Anlarsın, ölümün uyku da tutsaklık olduğunu..."ᴥ︎︎︎A.N.Ü
Telefonu gerginlikle masaya bırakıp geriye yaslandı Tahir. Ömründe nadirdir gerildiği anlar olurdu. Bu anlarda o anlardan biriydi.
Elini, solunda göğüs kafesine çarpan her çarptığında da vücuduna kanla beraber heyecanın ve gerginliğin akışını sağlayan et parçasına koydu. Elinin altında çarpan şey bir et parçasıydı. Bütün vücuda o kanı pompalayan, duyguların ve hislerin ağırlandığı yer olandı o et parçası.
"SubhanAllah!" Demeden alamadı kendini genç adam. Gözlerini yumdu. Ve göğüs kafesine çarpan o etin sesini dinledi. "Güm güm güm!" Sağlıklı atış vardı. Bu sefer de bunun için "Elhamdülillah!" Dedi genç adam. Kalbi işlevini eksiksiz yapıyordu. Duygularını ve hislerini de tadıyordu. O zaman onu bir kere daha "Elhamdülillah!" Demekten ne alı koyardı?
⁂ ⁂ ⁂
Anlaştıkları yerin önündeydi genç kadın. Alacağı nefes korkakça dudaklarının arasından ciğerlerine firar etti.

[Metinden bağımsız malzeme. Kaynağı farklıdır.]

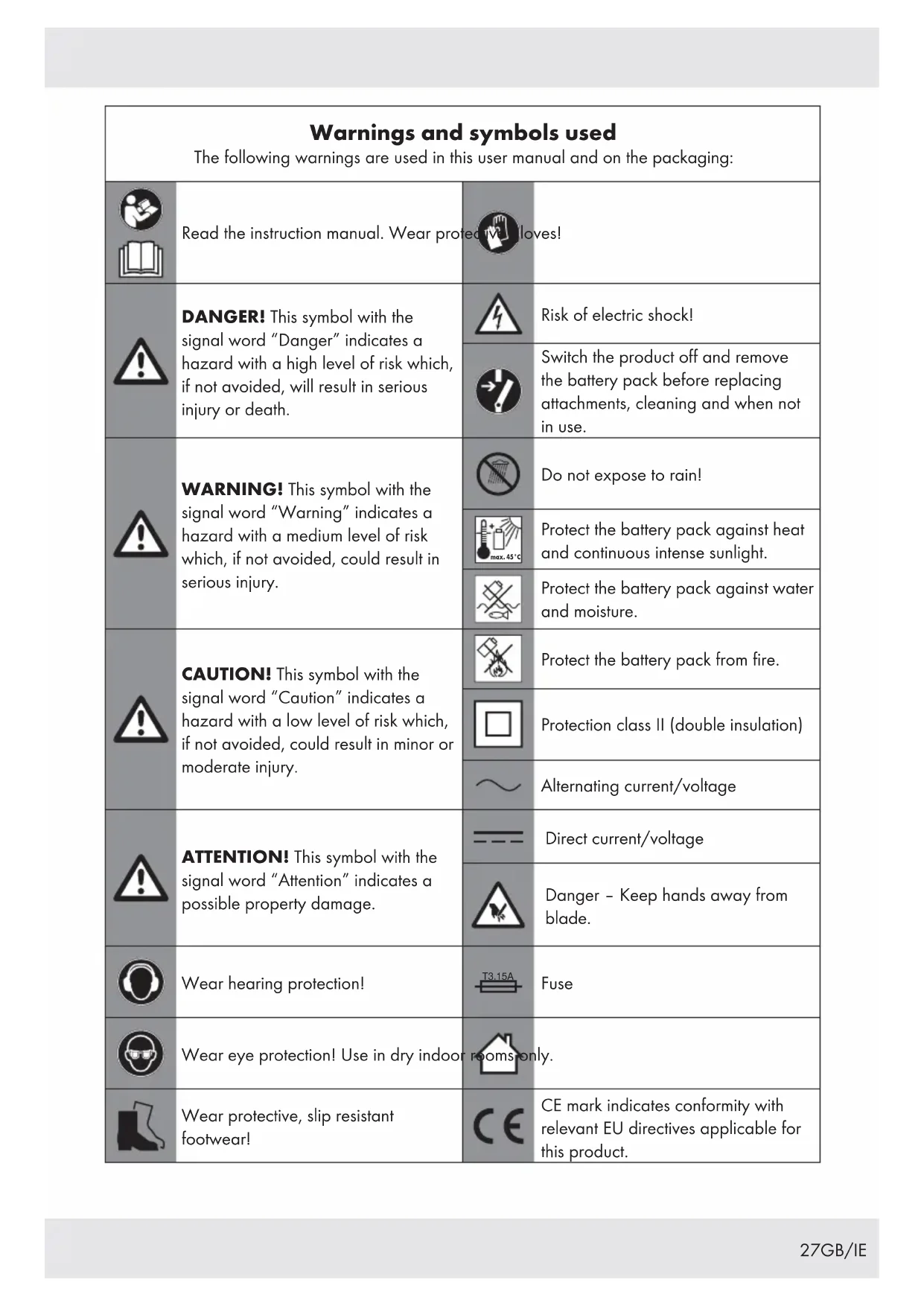 keep your balance. Do not work while standing on unstable support. z Vibration and noise reduction To reduce the impact of noise and vibration emission, limit the time of operation, use low- vibration and low-noise operating modes as well as wear personal protective equipment. Take the following points into account to minimise the vibration and noise exposure risks: Only use the product as intended by its design and these instructions. Ensure that the product is in good condition and well maintained. Use correct accessory tools for the product and ensure they are in good condition. Keep tight grip on the handles/grip surface. Maintain this product in accordance with these instructions and keep it well lubricated (where appropriate).36 GB/IE Plan your work schedule to spread any high vibration tool use across a longer period of time. z Behaviour in emergency situations Familiarise yourself with the use of this product by means of this instruction manual. Memorise the safety warnings and follow them to the letter. This will help to prevent risks and hazards. Always be alert when using this product, so that you can recognise and handle risks early. Fast intervention can prevent serious injury and damage to property. Switch the product off and disconnect it from the mains if there are malfunctions. Have the product checked by a qualified professional and repaired, if necessary, before you operate it again. z Residual risks Even if properly operating and handling the product, some residual risks will remain. Due to its construction and build, the product may present the following hazards: – Cuts – Hearing loss if working without hearing protection. – Damage caused to your health resulting from hand/arm vibrations if the power tool is used over a longer period of time or if it is not properly used and maintained. NOTE

"Her zorlukta bir kolaylık vardır!
Evet, o zorlukla birlikte bir kolaylık vardır!" [İnşirah Suresi, 5-6. Ayet]Zemzem damladı sanki yüreğinin üzerine. Sakinleştirdi, o et parçasını yine. Daha fazla beklemeden lokanta usulü cafeye adımını attı.

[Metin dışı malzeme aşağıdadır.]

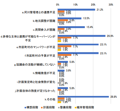 また他の段階や、後述する他の項目と比較し、「河川管理者との連携不足」の割合が高いのも特徴的である。構想段階はそれぞれの主体が取組みを進める初期の段階であり、各主体によるコミュニケーションが必要となる。特に、計画の中心となる自治体担当者と河川利活用の責任者である河川管理者との連携は重要で、連携できていない、または連携できない何か原因が存在・介在した結果が課題として現れている可能性がある。原因の一つとして、自治体側が支援制度や河川区域の利活用について詳しくないことも想定されるが、それらに熟知する河川管理者側から積極的に自治体側に働きかけることも有効と考えられる。

Gözleri o genç adamı arıyordu. Yosun yeşili irisler helali olacak o delikanlıyı arıyordu.
Açık kahveler yosun yeşili irislerine karıştı. Yine engel olamadı sol yanındaki etin sertçe teklemesine. Bir yanı bakışlarını çek, diye talimatı kesin ve sert bir şekilde veriyorken yüreğinin bir tarafı da bu irislerde daha fazla kaybolmak istiyordu.

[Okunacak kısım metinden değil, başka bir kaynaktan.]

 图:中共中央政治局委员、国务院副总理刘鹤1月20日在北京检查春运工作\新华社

Bakışlarını zorla aldı. Ağır ve vakur bir edayla yöneltti adımlarını.
"Selamun Aleyküm!"
"Aleyna Aleyküm Selam!"
Yerlerine otururken, cam kenarında oturmanın vermiş olduğu avantaj ile bir müddet dışarı seyre daldı. Zira kulağına baldan daha tatlı gelen bu güzel ses tonunu imkânı yoktu duymamazlığına.
Adını yineledi, imanın bedeninde kalıp kurmuş olduğu genç adam.
"Dilek Hanım? İyiyseniz siparişinizin ne olacağına dair garsona bilgi vereyim?"
İçinden şu sözleri tekrarladı Dilek: "Adımı tekrar dillendirir misin?" Bu düşünce her bir hücresini titretmeye yetti. Başını hafifçe, varla yok arasında olumsuz mahiyette salladı. Helali değildi bu adam. Onun için bunun fikrini dahi içinden anmamalıydı.
Hafif bir tebessüm ile "Çay olsun Tahir Bey." Dedi. Halbuki anlayabilmiş miydi, böylesine basit bir cümlenin sırf taşıdığı tınıdan ötürü Tahir'i titrettiği?
Garson siparişi getirmek için yanlarından ayrıldığında iki gençte oturduğu yere sığındı. Zira vakit akşam ezanından sonrasını makbul bulmuşlardı.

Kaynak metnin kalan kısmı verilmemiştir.